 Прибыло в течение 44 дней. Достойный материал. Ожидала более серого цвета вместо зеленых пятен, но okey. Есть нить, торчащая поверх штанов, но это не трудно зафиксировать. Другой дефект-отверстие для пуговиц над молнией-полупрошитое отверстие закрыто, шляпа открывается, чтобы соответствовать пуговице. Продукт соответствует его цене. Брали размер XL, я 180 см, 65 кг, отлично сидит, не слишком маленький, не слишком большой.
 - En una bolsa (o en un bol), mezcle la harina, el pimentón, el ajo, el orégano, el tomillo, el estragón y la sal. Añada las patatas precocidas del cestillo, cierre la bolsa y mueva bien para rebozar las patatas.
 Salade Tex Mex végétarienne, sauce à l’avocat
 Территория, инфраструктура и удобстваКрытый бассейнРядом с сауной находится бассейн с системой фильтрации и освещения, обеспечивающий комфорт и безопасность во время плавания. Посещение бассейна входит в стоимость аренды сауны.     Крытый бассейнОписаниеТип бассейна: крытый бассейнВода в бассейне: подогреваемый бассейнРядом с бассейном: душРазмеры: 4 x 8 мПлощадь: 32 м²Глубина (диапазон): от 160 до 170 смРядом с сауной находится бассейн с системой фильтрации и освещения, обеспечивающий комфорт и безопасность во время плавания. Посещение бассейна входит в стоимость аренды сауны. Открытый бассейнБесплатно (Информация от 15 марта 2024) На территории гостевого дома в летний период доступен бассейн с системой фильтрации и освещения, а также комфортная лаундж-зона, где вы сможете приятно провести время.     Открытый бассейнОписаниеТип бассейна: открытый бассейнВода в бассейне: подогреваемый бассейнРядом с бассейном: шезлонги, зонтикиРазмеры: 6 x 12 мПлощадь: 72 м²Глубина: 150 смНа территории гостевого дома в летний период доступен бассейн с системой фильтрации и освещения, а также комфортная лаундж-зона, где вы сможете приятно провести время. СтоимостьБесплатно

Work request => In the data above, which lines lie between the line with "- En una bolsa" and the line with "Salade Tex Mex", inclusive? Print those lines exactly and nothing else.

Solution below =>
 - En una bolsa (o en un bol), mezcle la harina, el pimentón, el ajo, el orégano, el tomillo, el estragón y la sal. Añada las patatas precocidas del cestillo, cierre la bolsa y mueva bien para rebozar las patatas.
 Salade Tex Mex végétarienne, sauce à l’avocat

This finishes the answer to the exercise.